Swatting traumatisant
Le studio de jeu vidéo avait déjà fait condamner le jeune francilien pour avoir pourri des parties de Rainbow Six. Cette fois-ci, l’entreprise revenait sur les bancs des parties civiles suite à plusieurs tentatives de swatting imputées à Yannox. La première, celle du 13 novembre 2020, avait traumatisé ses salariés de Montréal. Cette fausse prise d’otage menée soit disant par cinq hommes armés avait conduit à une très importante intervention policière, à l’évacuation des employés ainsi que des enfants accueillis à la garderie.
Gaël, dans une lettre lue à l’audience, signalait par exemple une « journée incroyablement stressante » et « huit heures d’enfer » ponctuées par l’angoisse des proches. L’entreprise avait chiffré son préjudice à 1,4 million d’euros, une somme qu’elle a passée par pertes et profits en se bornant à solliciter un euro symbolique.
Gagner des followers sur Twitter
Le Cned, également victime d’une attaque en déni de service imputée à Yannox, a lui demandé 40 000 euros en réparation de son préjudice. En avril 2021, alors que l’Hexagone venait de rentrer dans son troisième confinement, les premiers jours du service d’enseignement à distance, « Ma classe à la maison », avaient été entravés par des attaques en déni de service.
Interrogé à l’audience, le prévenu a admis avoir été derrière l’une de ses attaques en déni de service, expliquant avoir voulu « gagner des followers sur twitter » en surfant sur ces actions malveillantes qui faisaient le buzz. Avant de minimiser son rôle: l’attaque de mille secondes opérée n’était qu’un « verre d’eau lancé dans l’océan ».
Accusations contestées
La plupart des autres infractions ont été contestées à la barre. Accusé d’avoir tenté d’extorquer 20 euros à une internaute victime d’un piratage de son compte Snapchat, Yannox assure que ce n’était pas lui. Poursuivi pour d’autres swatting contre un lycée, un commissariat, ou encore une gendarmerie, il affirme ne pas se souvenir ou évoque l’action d’un tiers. « A cette heure-ci, je dormais », conteste par exemple le prévenu. « C’est votre numéro de téléphone, personne ne l’utilise quand vous dormez », s’étonne le président du tribunal.

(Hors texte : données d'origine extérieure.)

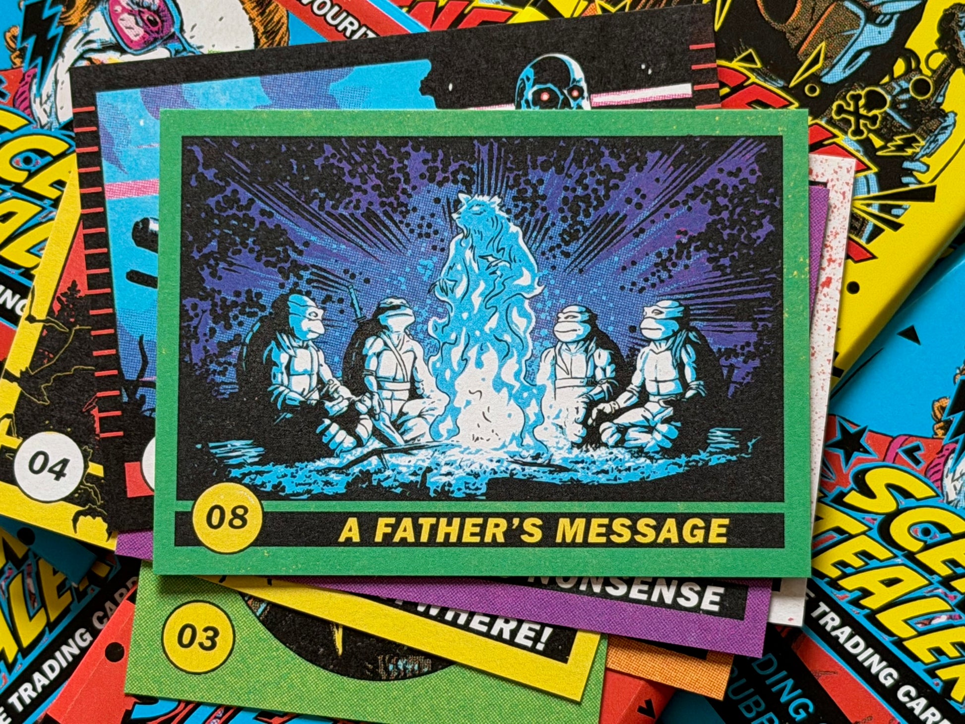One pack of Scene Stealers Movie Trading Cards! Each pack features 6 random cards. This initial wave features a total of 12 cards (and one secret foil chase card!)

Se défendant d’avoir voulu intimider les cibles des swatting, Yannox a enfin expliqué ne pas avoir mesurer les conséquences de ce genre d’appel. « Je ne pensais pas qu’on allait me croire », ajoute-t-il. Un raisonnement mis à mal par la chronologie de certains actes, comme avec cette tentative d’escroquerie au préjudice d’une habitante d’Aubervilliers. Selon l’accusation, après avoir échoué à prendre le contrôle de son compte bancaire, Yannox s’est vengé en lançant un swatting contre sa victime.
Délibéré au 3 juillet
Une alternance entre dénégations et demi-aveux qui a déçu. « Nous attendions beaucoup de cette audience, mais nous restons sur notre faim, il ne s’explique pas vraiment », regrette Me David Bachalard, l’avocat d’une entreprise, Fuze III. « Nous savons juste qu’il nous en veut car il ne pouvait plus cloner des objets » dans le jeu, signale l’avocat.
Cette société, qui gère un serveur Minecraft, avait été victime d’attaques en déni de service. Son Discord avait préalablement été noyé sous des messages privés envoyés en masse, un mélange douteux de vidéos islamistes mettant en scène des décapitations et des images pornographiques qui n’a pas été mis, faute de preuves, au débit du prévenu.
« Ce n’est pas parce qu’il sait faire des attaques en déni de service qu’il est à l’origine de toutes », rappelle d’ailleurs l’avocat de la défense, Armando Frignati, avant de plaider pour une peine principale de suivi socio-judiciaire. Le jugement sera rendu le 3 juillet 2023.